Solution 1: Mathematics + Two Pointers

We can use the two-pointer method to solve this problem. Define two pointers \(a\) and \(b\), pointing to \(0\) and \(\sqrt{c}\) respectively. In each step, we calculate the value of \(s = a^2 + b^2\), and then compare the size of \(s\) and \(c\). If \(s = c\), we have found two integers \(a\) and \(b\) such that \(a^2 + b^2 = c\). If \(s < c\), we increase the value of \(a\) by \(1\). If \(s > c\), we decrease the value of \(b\) by \(1\). We continue this process until we find the answer, or the value of \(a\) is greater than the value of \(b\), and return false.

The time complexity is \(O(\sqrt{c})\), where \(c\) is the given non-negative integer. The space complexity is \(O(1)\).

Python3JavaC++GoTypeScriptRust

class Solution:
    def judgeSquareSum(self, c: int) -> bool:
        a, b = 0, int(sqrt(c))
        while a <= b:
            s = a**2 + b**2
            if s == c:
                return True
            if s < c:
                a += 1
            else:
                b -= 1
        return False

class Solution {
    public boolean judgeSquareSum(int c) {
        long a = 0, b = (long) Math.sqrt(c);
        while (a <= b) {
            long s = a * a + b * b;
            if (s == c) {
                return true;
            }
            if (s < c) {
                ++a;
            } else {
                --b;
            }
        }
        return false;
    }
}

class Solution {
public:
    bool judgeSquareSum(int c) {
        long long a = 0, b = sqrt(c);
        while (a <= b) {
            long long s = a * a + b * b;
            if (s == c) {
                return true;
            }
            if (s < c) {
                ++a;
            } else {
                --b;
            }
        }
        return false;
    }
};

func judgeSquareSum(c int) bool {
    a, b := 0, int(math.Sqrt(float64(c)))
    for a <= b {
        s := a*a + b*b
        if s == c {
            return true
        }
        if s < c {
            a++
        } else {
            b--
        }
    }
    return false
}

function judgeSquareSum(c: number): boolean {
    let [a, b] = [0, Math.floor(Math.sqrt(c))];
    while (a <= b) {
        const s = a * a + b * b;
        if (s === c) {
            return true;
        }
        if (s < c) {
            ++a;
        } else {
            --b;
        }
    }
    return false;
}

use std::cmp::Ordering;

impl Solution {
    pub fn judge_square_sum(c: i32) -> bool {
        let mut a: i64 = 0;
        let mut b: i64 = (c as f64).sqrt() as i64;
        while a <= b {
            let s = a * a + b * b;
            match s.cmp(&(c as i64)) {
                Ordering::Equal => {
                    return true;
                }
                Ordering::Less => {
                    a += 1;
                }
                Ordering::Greater => {
                    b -= 1;
                }
            }
        }
        false
    }
}

Solution 2: Mathematics

This problem is essentially about the conditions under which a number can be expressed as the sum of two squares. This theorem dates back to Fermat and Euler and is a classic result in number theory.

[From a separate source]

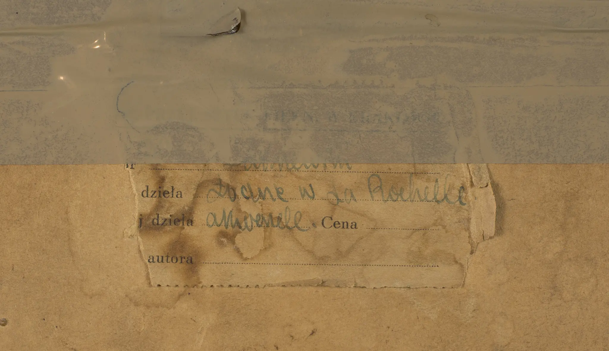 akwarela, papier, 28 x 33 cm, sygn. p.d.: Zakrzewski La Rochelle; 2 naklejki: z wystawy w TPSP w Krakowie, 1938 r. (W porcie) oraz pośmiertnej w TPSP w Krakowie, 1947 r., poz. 100 (W porcie La Rochelle).

Specifically, the theorem can be stated as follows:

A positive integer \(n\) can be expressed as the sum of two squares if and only if all prime factors of \(n\) of the form \(4k + 3\) have even powers.

This means that if we decompose \(n\) into the product of its prime factors, \(n = p_1^{e_1} p_2^{e_2} \cdots p_k^{e_k}\), where \(p_i\) are primes and \(e_i\) are their corresponding exponents, then \(n\) can be expressed as the sum of two squares if and only if all prime factors \(p_i\) of the form \(4k + 3\) have even exponents \(e_i\).

More formally, if \(p_i\) is a prime of the form \(4k + 3\), then for each such \(p_i\), \(e_i\) must be even.

For example:

The number \(13\) is a prime and \(13 \equiv 1 \pmod{4}\), so it can be expressed as the sum of two squares, i.e., \(13 = 2^2 + 3^2\).
The number \(21\) can be decomposed into \(3 \times 7\), where both \(3\) and \(7\) are prime factors of the form \(4k + 3\) and their exponents are \(1\) (odd), so \(21\) cannot be expressed as the sum of two squares.

In summary, this theorem is very important in number theory for determining whether a number can be expressed as the sum of two squares.